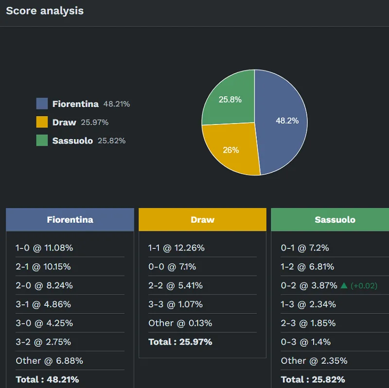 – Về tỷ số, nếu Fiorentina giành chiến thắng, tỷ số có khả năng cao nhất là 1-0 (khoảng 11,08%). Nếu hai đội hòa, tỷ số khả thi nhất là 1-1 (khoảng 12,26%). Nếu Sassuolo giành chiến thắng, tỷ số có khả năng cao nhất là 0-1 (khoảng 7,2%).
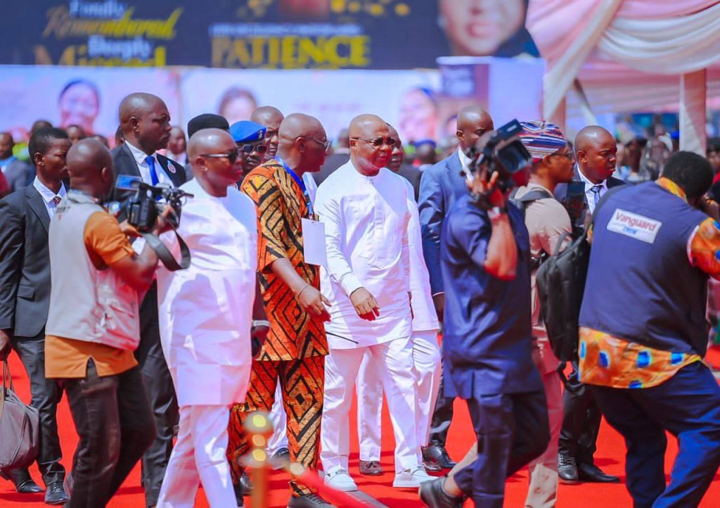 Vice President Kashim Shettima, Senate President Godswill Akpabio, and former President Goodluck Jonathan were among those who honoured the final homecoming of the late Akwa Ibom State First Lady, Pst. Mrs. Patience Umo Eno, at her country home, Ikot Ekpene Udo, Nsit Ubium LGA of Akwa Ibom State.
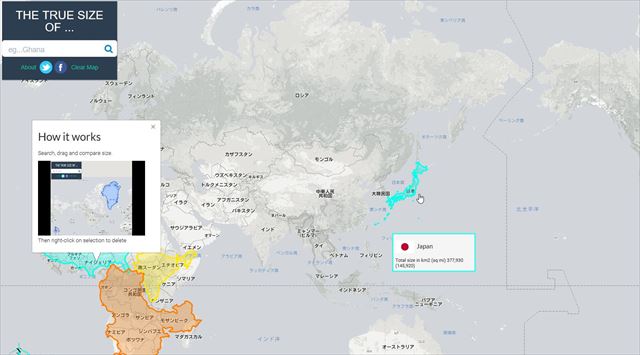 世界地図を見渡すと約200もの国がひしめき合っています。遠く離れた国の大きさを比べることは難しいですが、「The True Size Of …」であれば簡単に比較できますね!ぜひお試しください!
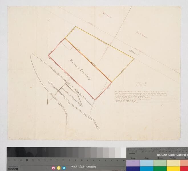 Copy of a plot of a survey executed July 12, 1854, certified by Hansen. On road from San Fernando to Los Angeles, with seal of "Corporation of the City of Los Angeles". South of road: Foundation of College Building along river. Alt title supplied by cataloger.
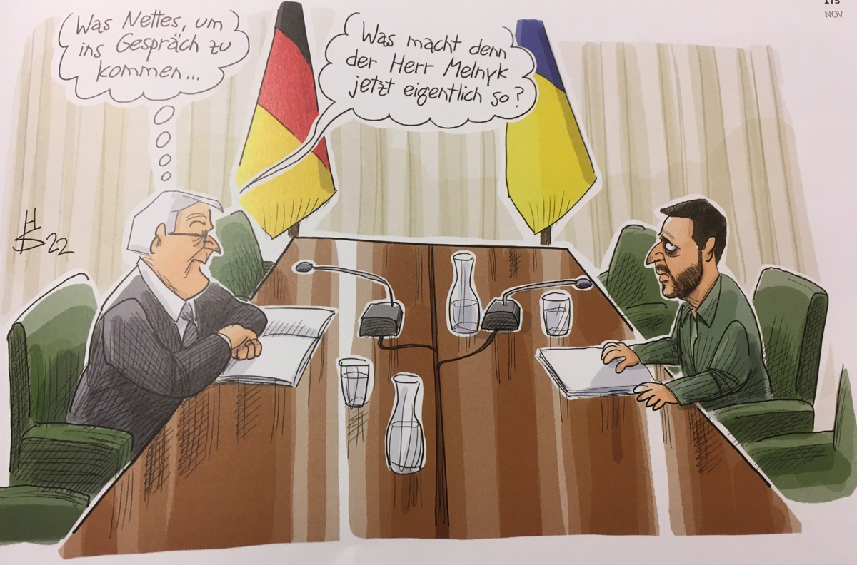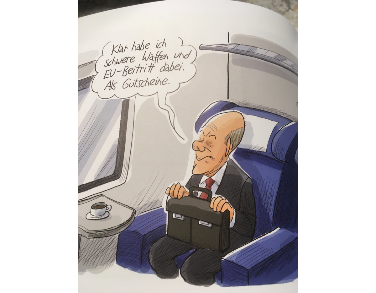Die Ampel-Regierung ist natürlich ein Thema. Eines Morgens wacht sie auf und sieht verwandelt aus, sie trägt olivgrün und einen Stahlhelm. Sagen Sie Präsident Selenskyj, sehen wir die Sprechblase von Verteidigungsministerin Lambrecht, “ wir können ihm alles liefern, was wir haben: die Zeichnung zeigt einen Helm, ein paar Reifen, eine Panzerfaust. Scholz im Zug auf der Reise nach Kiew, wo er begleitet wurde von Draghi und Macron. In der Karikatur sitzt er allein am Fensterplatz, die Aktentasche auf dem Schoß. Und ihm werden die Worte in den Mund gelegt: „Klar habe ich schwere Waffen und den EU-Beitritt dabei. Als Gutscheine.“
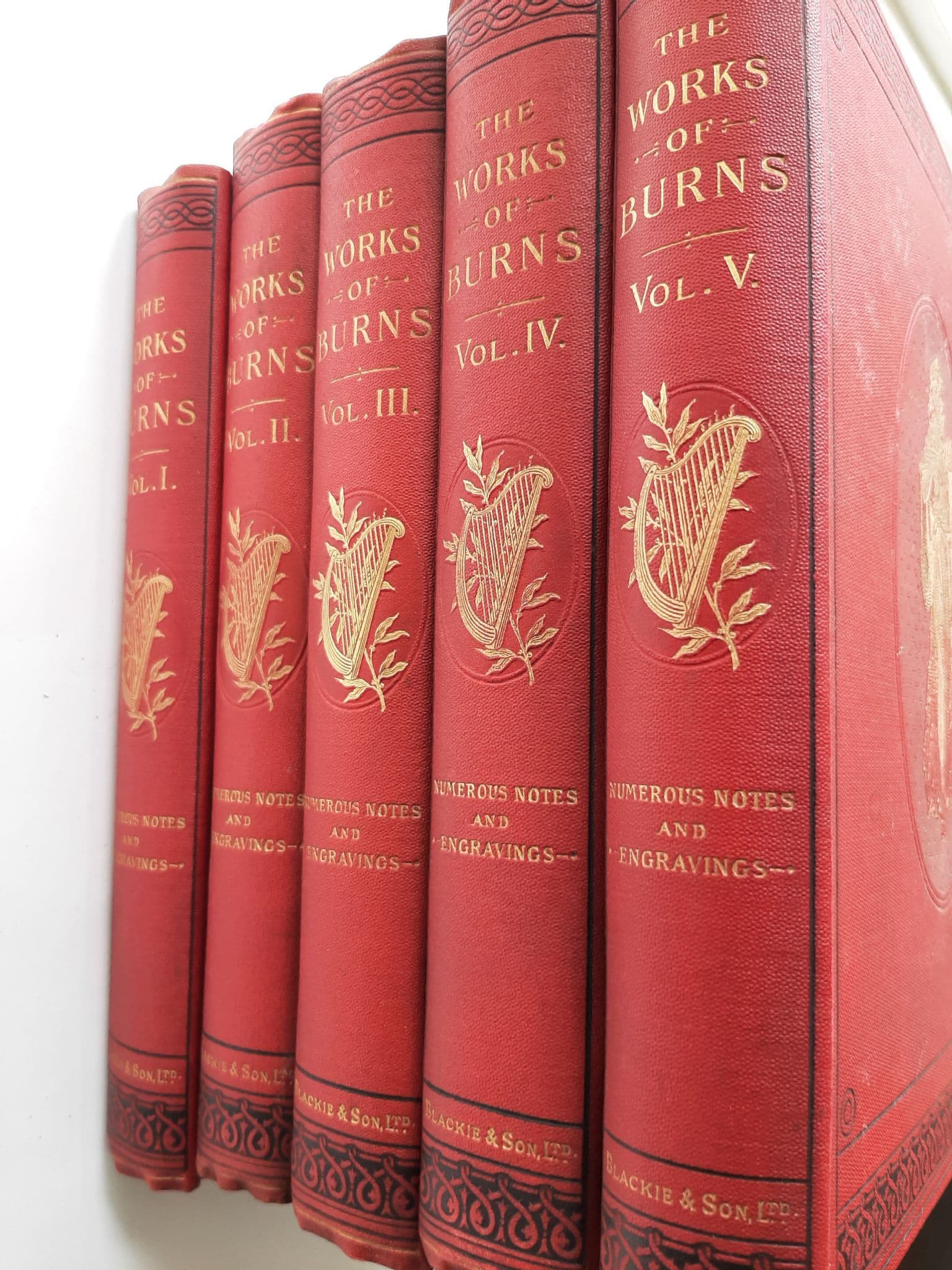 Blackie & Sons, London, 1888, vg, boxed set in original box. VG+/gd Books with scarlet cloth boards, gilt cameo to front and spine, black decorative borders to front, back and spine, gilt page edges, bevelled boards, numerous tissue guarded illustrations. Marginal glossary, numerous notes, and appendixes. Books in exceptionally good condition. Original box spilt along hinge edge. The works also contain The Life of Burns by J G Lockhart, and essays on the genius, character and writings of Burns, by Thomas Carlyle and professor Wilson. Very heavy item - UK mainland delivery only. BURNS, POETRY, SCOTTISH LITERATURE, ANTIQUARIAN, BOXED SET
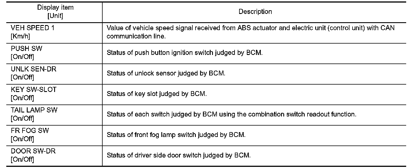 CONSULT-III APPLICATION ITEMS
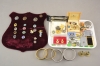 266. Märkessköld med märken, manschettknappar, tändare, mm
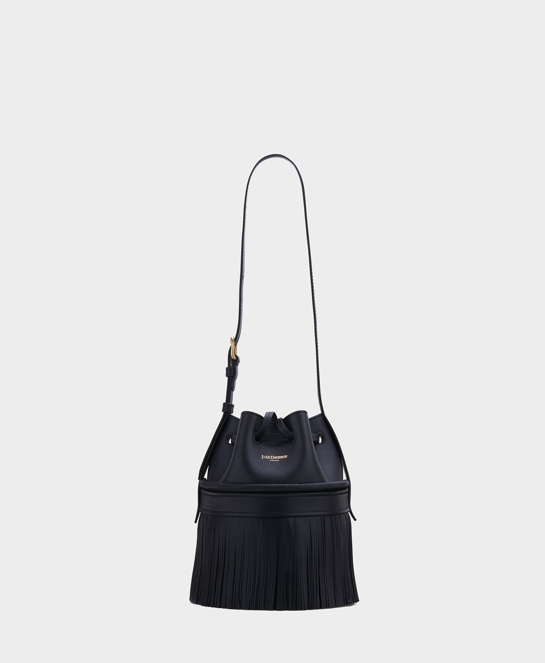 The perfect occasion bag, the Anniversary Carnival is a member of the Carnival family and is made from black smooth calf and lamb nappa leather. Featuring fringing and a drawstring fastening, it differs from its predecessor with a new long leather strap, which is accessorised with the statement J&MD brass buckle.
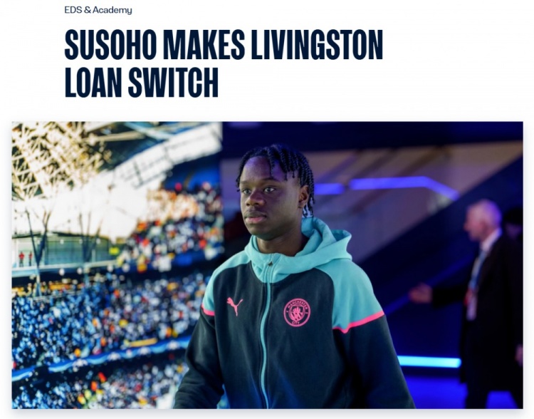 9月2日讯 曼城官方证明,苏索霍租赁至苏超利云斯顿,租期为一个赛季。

_____

#### Work order
Among the records above, locate the line containing "Blackie & Sons, London, 1888, vg, boxed" and the line containing "266. Märkessköld med", then transcribe exactly the lines starting at the first and ending at the second, with no pictures.

#### Output for this exercise
 Blackie & Sons, London, 1888, vg, boxed set in original box. VG+/gd Books with scarlet cloth boards, gilt cameo to front and spine, black decorative borders to front, back and spine, gilt page edges, bevelled boards, numerous tissue guarded illustrations. Marginal glossary, numerous notes, and appendixes. Books in exceptionally good condition. Original box spilt along hinge edge. The works also contain The Life of Burns by J G Lockhart, and essays on the genius, character and writings of Burns, by Thomas Carlyle and professor Wilson. Very heavy item - UK mainland delivery only. BURNS, POETRY, SCOTTISH LITERATURE, ANTIQUARIAN, BOXED SET
 CONSULT-III APPLICATION ITEMS
 266. Märkessköld med märken, manschettknappar, tändare, mm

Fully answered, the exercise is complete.